EXERCISE BRIEF - Only the lines below from the one containing "dark-grey crew neck" to the one containing "Now you need" should be repeated, both included and unchanged.

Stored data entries
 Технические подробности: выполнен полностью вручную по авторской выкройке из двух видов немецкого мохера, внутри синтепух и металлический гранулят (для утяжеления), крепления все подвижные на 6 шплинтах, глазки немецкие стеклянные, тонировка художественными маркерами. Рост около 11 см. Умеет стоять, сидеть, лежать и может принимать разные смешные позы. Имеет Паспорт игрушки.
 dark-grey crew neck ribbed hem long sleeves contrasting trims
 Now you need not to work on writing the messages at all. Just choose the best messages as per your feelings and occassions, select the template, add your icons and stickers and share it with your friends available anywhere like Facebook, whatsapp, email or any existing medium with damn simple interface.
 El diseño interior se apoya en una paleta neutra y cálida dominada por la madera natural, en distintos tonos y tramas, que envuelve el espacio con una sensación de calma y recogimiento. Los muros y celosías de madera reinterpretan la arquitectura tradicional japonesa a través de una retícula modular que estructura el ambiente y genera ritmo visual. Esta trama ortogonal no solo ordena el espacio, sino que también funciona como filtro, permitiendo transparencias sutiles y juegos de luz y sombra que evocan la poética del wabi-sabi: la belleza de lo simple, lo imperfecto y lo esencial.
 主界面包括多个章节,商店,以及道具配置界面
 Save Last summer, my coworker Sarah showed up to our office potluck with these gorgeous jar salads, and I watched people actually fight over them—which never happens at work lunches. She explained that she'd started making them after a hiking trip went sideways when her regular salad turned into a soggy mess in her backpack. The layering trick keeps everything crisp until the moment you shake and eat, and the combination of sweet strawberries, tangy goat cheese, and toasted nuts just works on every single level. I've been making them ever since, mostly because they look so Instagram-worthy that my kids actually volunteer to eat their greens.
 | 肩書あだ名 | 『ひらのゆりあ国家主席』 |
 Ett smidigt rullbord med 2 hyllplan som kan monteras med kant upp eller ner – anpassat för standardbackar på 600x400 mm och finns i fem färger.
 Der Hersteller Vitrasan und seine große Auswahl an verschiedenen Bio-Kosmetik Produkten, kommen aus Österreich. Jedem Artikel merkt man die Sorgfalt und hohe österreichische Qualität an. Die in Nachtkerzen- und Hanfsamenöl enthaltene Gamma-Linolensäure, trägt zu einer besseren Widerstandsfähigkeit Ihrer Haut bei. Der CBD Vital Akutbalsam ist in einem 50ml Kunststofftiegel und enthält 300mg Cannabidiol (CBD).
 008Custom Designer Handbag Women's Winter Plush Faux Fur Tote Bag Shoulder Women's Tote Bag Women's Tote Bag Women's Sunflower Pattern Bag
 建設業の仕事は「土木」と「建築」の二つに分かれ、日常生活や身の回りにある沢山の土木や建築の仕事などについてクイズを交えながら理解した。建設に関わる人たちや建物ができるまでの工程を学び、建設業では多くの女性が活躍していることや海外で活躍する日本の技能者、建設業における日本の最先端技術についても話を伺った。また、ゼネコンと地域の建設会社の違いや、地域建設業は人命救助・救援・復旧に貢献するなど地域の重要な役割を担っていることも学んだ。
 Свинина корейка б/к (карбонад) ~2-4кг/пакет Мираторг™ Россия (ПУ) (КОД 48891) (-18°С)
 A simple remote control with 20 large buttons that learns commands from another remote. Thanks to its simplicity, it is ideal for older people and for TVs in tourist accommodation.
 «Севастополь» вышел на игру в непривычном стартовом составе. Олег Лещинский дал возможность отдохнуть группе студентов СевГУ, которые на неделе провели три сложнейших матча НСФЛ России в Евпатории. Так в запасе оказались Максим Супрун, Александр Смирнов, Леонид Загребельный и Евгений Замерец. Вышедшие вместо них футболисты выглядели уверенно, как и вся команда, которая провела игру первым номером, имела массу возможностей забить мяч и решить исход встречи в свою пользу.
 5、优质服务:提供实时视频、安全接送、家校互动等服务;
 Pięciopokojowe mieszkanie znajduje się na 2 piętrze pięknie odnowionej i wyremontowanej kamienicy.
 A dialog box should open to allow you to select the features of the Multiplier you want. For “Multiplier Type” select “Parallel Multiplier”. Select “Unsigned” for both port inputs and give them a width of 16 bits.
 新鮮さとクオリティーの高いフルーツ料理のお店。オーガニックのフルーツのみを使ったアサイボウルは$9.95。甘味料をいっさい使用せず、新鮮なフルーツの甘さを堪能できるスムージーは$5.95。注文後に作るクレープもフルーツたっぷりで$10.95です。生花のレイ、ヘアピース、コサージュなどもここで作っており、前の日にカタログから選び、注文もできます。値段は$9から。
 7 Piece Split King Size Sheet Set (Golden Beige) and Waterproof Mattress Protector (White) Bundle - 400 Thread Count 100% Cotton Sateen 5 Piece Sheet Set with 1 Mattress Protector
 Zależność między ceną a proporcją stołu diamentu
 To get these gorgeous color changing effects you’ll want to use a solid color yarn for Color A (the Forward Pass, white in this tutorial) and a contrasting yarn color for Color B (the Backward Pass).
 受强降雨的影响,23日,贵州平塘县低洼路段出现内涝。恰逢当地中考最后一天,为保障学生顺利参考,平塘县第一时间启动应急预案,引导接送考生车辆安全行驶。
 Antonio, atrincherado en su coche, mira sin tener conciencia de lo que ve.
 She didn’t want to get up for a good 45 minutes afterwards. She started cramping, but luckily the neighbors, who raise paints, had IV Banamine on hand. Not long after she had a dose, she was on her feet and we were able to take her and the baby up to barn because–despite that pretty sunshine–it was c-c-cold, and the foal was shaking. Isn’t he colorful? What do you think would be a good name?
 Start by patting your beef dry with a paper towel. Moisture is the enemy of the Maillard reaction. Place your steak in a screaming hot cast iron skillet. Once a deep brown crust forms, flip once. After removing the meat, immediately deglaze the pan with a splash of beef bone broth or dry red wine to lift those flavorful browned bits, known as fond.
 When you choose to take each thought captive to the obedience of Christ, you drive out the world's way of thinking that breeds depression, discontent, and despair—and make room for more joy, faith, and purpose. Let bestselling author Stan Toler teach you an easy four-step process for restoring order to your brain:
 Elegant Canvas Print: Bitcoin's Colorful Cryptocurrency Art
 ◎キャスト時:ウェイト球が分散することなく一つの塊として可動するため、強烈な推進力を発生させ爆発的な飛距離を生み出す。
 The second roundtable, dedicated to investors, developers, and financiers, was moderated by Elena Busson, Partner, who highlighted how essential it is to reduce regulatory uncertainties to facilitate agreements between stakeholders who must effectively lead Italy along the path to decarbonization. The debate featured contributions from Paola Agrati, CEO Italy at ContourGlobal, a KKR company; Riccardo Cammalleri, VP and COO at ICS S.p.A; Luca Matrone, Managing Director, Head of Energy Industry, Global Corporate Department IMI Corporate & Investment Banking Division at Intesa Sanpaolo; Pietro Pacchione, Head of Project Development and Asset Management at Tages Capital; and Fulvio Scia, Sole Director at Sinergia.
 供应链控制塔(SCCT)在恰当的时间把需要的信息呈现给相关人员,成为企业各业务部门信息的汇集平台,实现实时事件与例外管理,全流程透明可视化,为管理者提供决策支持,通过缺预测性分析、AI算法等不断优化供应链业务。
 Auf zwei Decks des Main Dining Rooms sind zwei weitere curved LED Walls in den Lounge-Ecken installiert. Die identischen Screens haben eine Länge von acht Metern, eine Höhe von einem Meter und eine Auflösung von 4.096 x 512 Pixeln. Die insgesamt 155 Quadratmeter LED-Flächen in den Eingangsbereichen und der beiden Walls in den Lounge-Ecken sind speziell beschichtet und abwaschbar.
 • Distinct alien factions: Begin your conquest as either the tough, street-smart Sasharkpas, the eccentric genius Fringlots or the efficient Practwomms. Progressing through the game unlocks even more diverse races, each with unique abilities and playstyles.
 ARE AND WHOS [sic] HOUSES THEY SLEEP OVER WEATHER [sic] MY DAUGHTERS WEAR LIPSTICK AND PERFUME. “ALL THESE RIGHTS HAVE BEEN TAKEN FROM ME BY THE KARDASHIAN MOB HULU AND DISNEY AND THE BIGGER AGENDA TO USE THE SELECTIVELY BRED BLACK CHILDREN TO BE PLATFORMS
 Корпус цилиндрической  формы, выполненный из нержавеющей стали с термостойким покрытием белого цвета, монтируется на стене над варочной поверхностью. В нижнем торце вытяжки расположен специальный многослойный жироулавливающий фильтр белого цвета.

RESULT BELOW -
 dark-grey crew neck ribbed hem long sleeves contrasting trims
 Now you need not to work on writing the messages at all. Just choose the best messages as per your feelings and occassions, select the template, add your icons and stickers and share it with your friends available anywhere like Facebook, whatsapp, email or any existing medium with damn simple interface.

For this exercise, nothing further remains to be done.